Data Schema
Table of contents
Introduction
This section provides an overview of the YAML data schema files used to validate and preprocess data tables within the Transit Corridor Analytics (specifically used by the DataReader module). Having these YAML schemas ensure data consistency, integrity and correctness by specifying the expected structure, data types and other constraints for each table.
Structure of the YAML Schema
Docstring
At the top of the YAML file, there’s an optional docstring section. This section provides verbose information about the data table, its source, use case, or any other details that can be beneficial for users or developers. The docstring is not used by the code but serves as a reference for anyone examining the schema.
Metadata Section
The schema starts with an optional metadata
section that provides additional details about the schema:
author
: The person who created or last modified the schema.last_modified
: The date of the last modification.notes
: Any relevant notes or comments about this version of the schema.
Version
The schema has a version
key to track its version. This version is used in the file names and is also used by the configuration module to facilitate accessing the data with various data structure in different years. The format of our version numbers follows the Semantic Versioning convention. That is a versioning scheme for software (and, by extension, any kind of digital product) that aims to convey meaning about the underlying changes with each new release. Here’s a breakdown of how it works:
Format: The version number is typically in the format of YEAR.MAJOR.MINOR, e.g. 2024.1.3.
Components:
- YEAR version: This is referring to the year where the schema is initially introduced and may not necessary align with the content of the data.

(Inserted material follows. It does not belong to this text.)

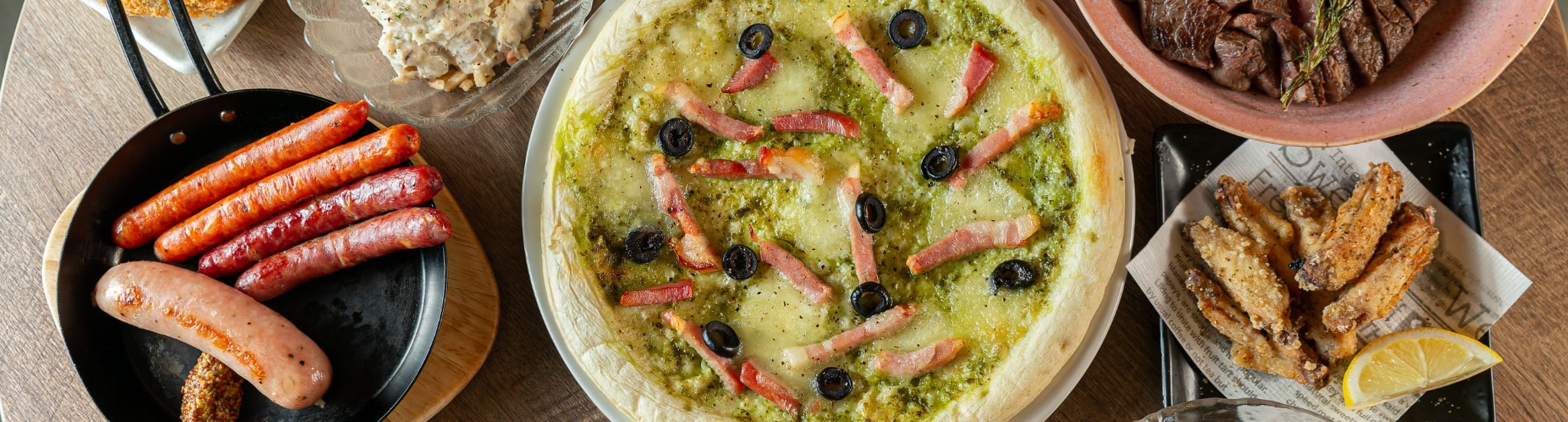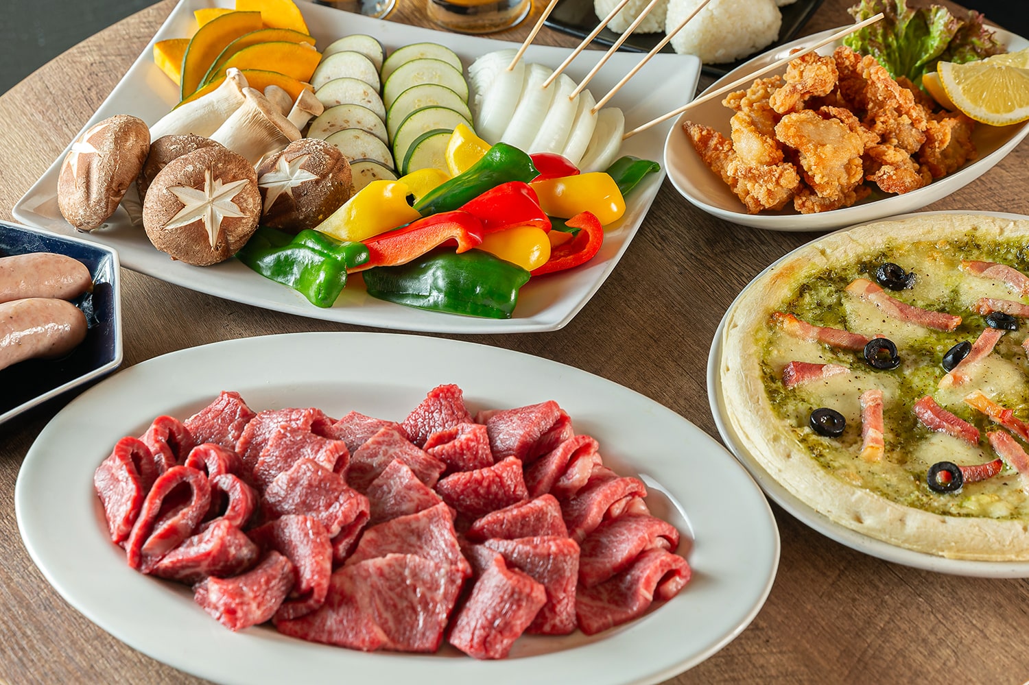 黒毛和牛・野菜・ 窯焼きピザ・唐揚げ・ソーセージ・ 焼きおにぎり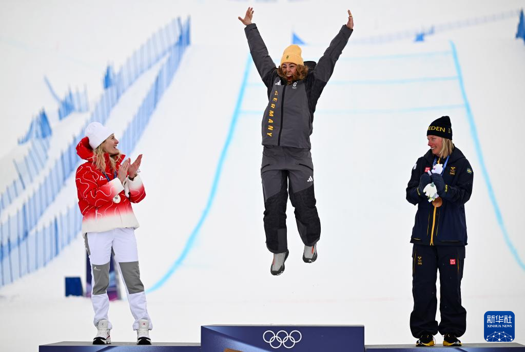 2月20日,冠军德国选手达妮埃拉·迈尔(中)、亚军瑞士选手范妮·史密斯(左)、季军瑞典选手桑德拉·内斯隆德在颁奖仪式上自拍合影。

- MAJOR version: This is incremented when there are incompatible changes that require the user to change something about their setup. In our context of the YAML schema, this could mean a complete redesign of the schema, removing essential columns, or any change that would break existing systems relying on the previous version. This might happen when new data for new analysis period is provided and the format and structure of the data has changed.
- MINOR version: This is incremented when new features are added in a backward-compatible manner. For our schema, this could mean adding new optional columns, introducing new data validation rules that still fit within the previously defined structure, adding annotations, or refining validation rules that were previously too strict or too lenient.. This is most likely to be changing over time.
Columns
The columns
section defines the specifications for each column in the table:
dtype
: The expected data type of the column. This can beint
,float
,str
,date
,date_time
, etc.format
: For date and date-time columns, this specifies the expected format.required
: Whether the column is mandatory in the table.correction
: A transformation function written as a string, which will be applied to preprocess the column data upon reading.rename_to
: A string to rename the column to.new_column
: Only used in conjunction with correction. When it is provided, the result of correction is stored under a new column. This is used for raw transactions to extract the stop_id from the boarding and alighting stops.definition
: A brief description of the column’s content.note
: Any additional explanatory notes for the column.
Creating and Maintaining Schemas
-
Reusing Existing Schemas: If a new table is similar to an existing one, consider using the existing schema as a starting point and then modify as needed.
-
Using Pandera: If a totally new table, read it in pandas dataframe, convert the datatype as required in pandas. Use the infer_schema method from the Pandera library to generate the schema based on your DataFrame. Save the inferred schema to a YAML file locally. Review the generated schema to ensure it is correct and meets your requirements.
-
Corrections and Renames: When defining a new schema, corrections and renames need to be added under appropriate columns manually. Ensure they are generic and applicable to all rows in the table. Test these corrections thoroughly using sample data.
-
Testing the Schema: After creating or modifying a schema, always test it with actual data to ensure it works as expected.
-
Versioning: Whenever making any changes to a schema, update the version number and document the changes in the docstring of the yaml file. This ensures traceability and clarity about schema evolutions.
-
Collaboration: Use a version control system like Git to manage schema files.